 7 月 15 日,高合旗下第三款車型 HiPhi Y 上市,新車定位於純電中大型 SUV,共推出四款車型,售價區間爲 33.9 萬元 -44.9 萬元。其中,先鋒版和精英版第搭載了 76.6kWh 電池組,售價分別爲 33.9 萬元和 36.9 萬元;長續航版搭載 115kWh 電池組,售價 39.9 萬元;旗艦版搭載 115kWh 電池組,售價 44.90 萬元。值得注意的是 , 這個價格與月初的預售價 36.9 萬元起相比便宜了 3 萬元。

---

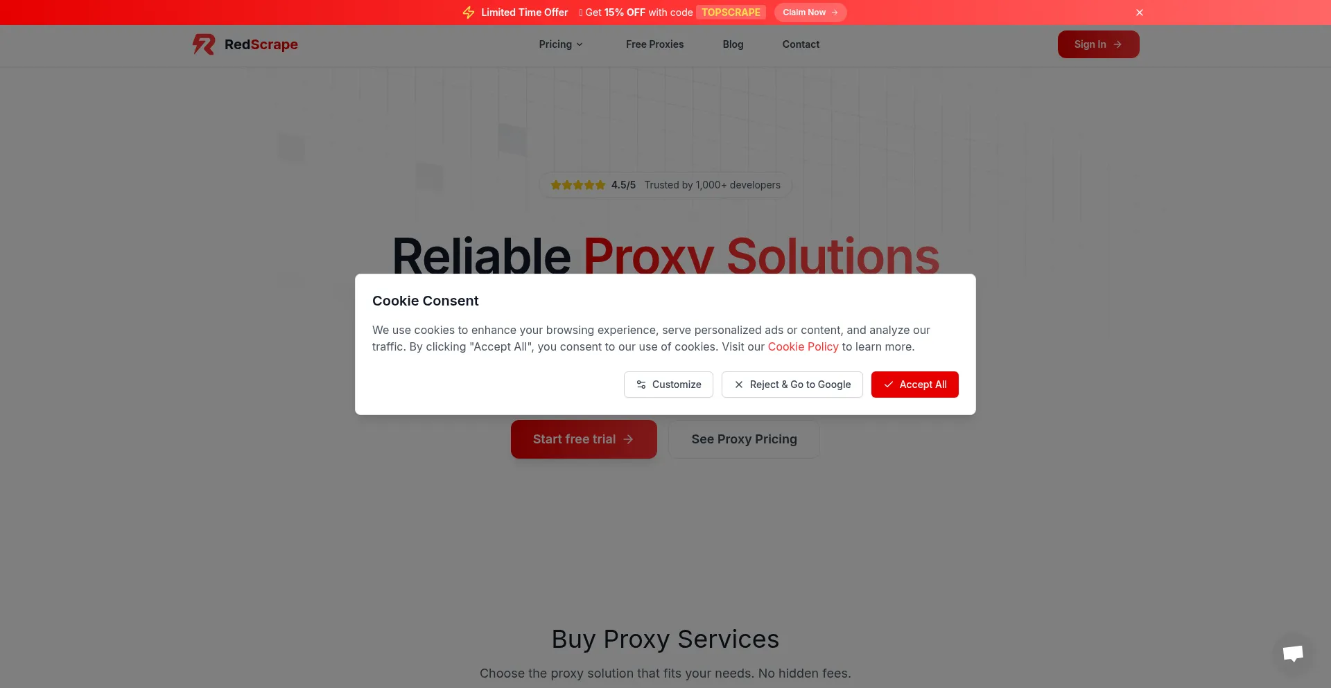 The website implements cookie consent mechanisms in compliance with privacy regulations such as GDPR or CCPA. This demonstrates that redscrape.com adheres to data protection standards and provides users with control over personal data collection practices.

...

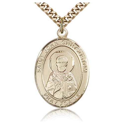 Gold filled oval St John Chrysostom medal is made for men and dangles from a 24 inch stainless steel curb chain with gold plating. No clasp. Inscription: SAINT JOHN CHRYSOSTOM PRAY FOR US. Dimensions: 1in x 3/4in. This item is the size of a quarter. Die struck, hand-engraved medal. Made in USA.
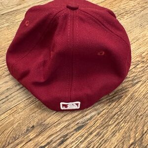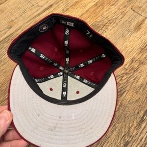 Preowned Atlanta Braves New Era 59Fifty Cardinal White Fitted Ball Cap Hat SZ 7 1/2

> [What the task requires]
Beginning at the line above that contains "Gold filled oval", repeat each line exactly through the one that contains "Preowned Atlanta Braves", and leave out the pictures.

> [Finished task]
 Gold filled oval St John Chrysostom medal is made for men and dangles from a 24 inch stainless steel curb chain with gold plating. No clasp. Inscription: SAINT JOHN CHRYSOSTOM PRAY FOR US. Dimensions: 1in x 3/4in. This item is the size of a quarter. Die struck, hand-engraved medal. Made in USA.
 Preowned Atlanta Braves New Era 59Fifty Cardinal White Fitted Ball Cap Hat SZ 7 1/2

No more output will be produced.